Task item: Below are entries. Give back exactly the lines from the one containing "Activitat grup mitjà" through the one containing "Рукоятка имеет тактильную", inclusive, without the pictures.

Records for processing:

== Segment start ==

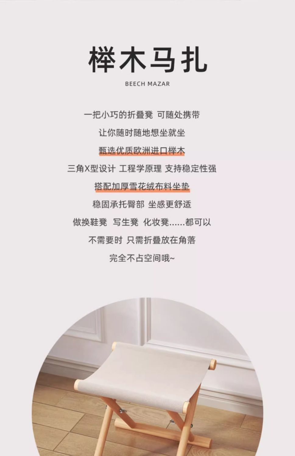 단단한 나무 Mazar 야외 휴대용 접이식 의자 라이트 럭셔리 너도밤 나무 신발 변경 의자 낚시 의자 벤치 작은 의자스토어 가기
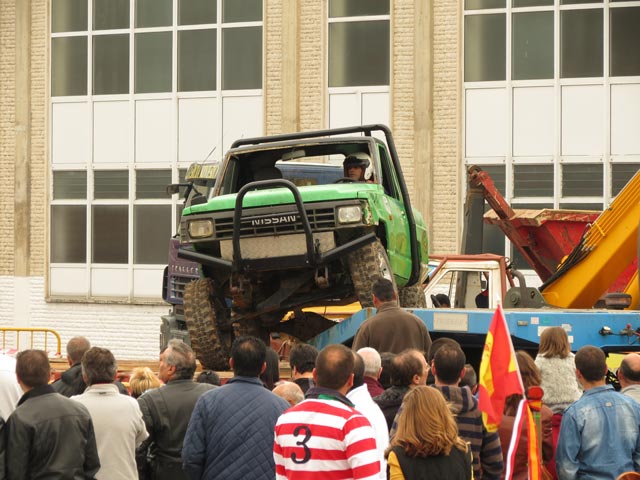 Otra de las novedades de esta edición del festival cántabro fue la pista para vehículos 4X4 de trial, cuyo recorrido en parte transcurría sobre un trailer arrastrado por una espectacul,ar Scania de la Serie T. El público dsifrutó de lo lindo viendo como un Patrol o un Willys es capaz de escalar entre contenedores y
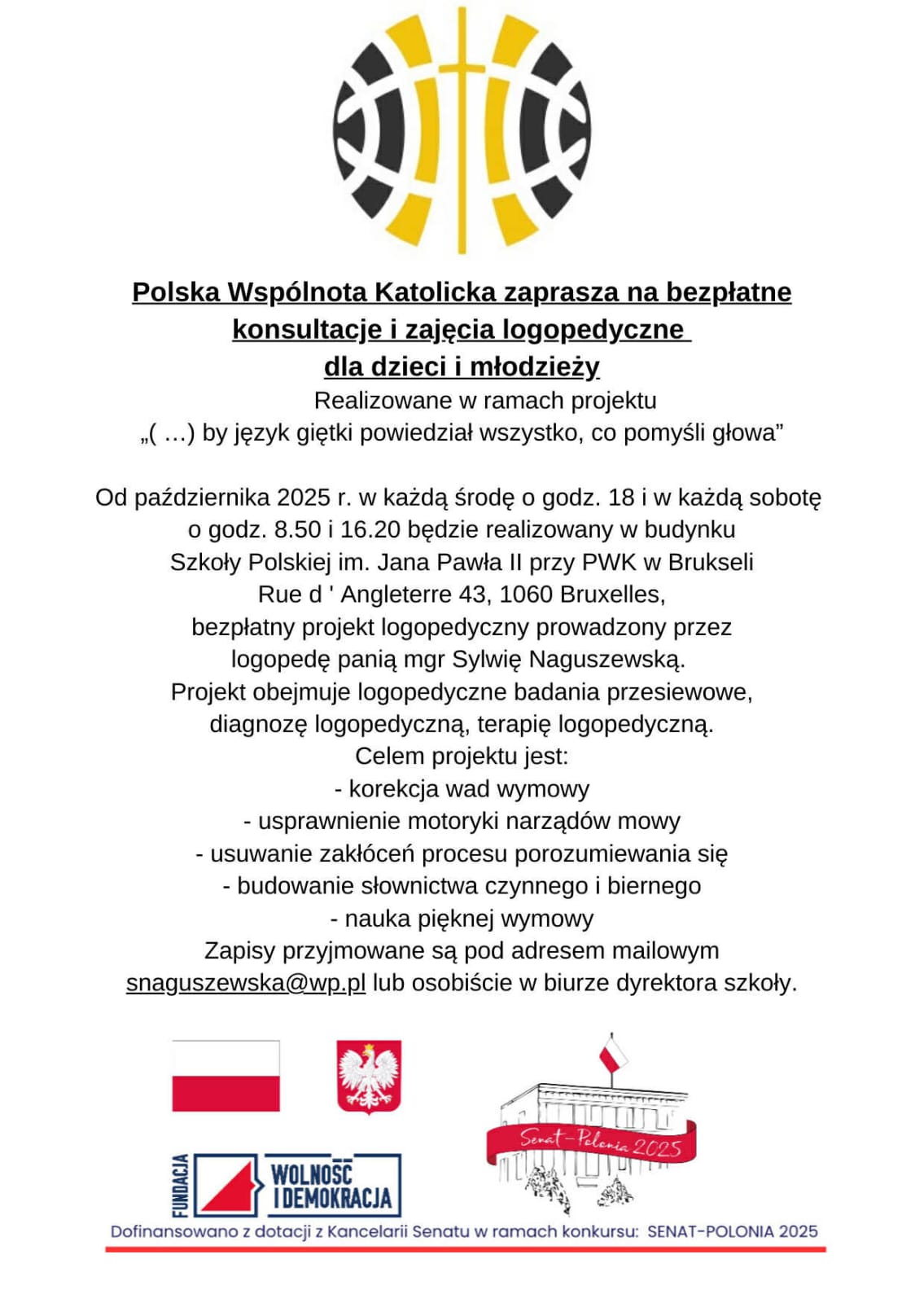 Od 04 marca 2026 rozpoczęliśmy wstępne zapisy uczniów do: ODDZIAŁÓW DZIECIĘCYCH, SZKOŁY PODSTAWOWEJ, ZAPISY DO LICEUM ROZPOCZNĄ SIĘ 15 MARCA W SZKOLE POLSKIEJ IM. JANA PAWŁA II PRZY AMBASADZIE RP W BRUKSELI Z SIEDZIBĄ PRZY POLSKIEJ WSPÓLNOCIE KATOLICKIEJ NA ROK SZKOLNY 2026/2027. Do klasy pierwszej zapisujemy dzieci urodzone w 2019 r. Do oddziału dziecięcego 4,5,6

== Segment end ==
== Segment start ==

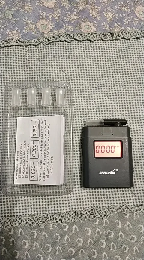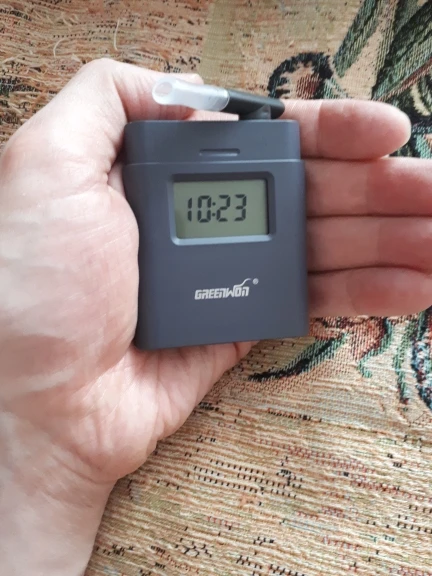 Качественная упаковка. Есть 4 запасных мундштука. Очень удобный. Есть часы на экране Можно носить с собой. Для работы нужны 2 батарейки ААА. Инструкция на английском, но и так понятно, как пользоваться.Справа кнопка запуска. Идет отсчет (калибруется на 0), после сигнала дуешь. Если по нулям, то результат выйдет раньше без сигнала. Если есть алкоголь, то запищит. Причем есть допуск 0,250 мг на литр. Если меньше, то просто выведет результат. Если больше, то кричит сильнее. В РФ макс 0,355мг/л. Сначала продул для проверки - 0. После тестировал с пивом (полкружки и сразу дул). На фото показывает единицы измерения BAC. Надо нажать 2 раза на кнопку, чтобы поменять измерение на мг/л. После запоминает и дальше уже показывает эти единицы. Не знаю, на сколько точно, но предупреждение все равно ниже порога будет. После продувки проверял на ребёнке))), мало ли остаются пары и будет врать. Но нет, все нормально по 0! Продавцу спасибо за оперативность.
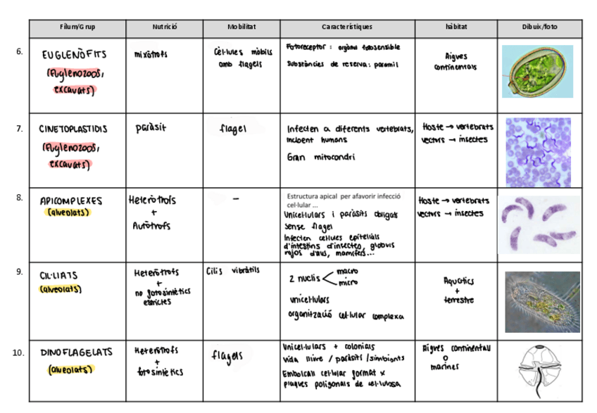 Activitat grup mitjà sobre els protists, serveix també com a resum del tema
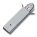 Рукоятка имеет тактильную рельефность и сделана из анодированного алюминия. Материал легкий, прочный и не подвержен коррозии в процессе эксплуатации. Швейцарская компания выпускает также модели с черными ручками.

== Segment end ==
== Segment start ==

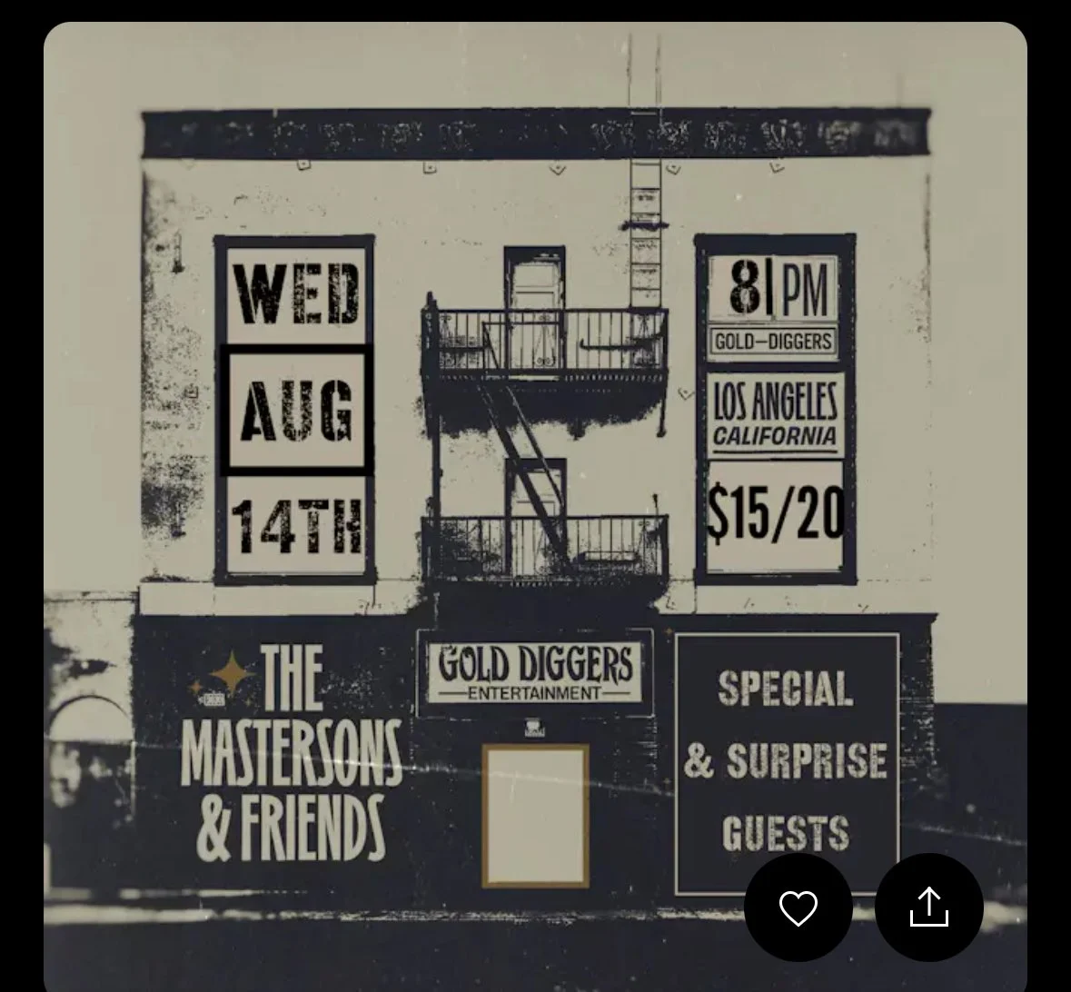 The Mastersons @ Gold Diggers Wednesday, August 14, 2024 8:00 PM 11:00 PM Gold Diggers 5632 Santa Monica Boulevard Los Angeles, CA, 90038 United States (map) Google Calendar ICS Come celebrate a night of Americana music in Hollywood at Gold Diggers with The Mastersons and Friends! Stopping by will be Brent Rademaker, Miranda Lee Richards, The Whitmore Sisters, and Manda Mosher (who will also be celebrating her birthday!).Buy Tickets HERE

== Segment end ==

Exercise result:
 Activitat grup mitjà sobre els protists, serveix també com a resum del tema
 Рукоятка имеет тактильную рельефность и сделана из анодированного алюминия. Материал легкий, прочный и не подвержен коррозии в процессе эксплуатации. Швейцарская компания выпускает также модели с черными ручками.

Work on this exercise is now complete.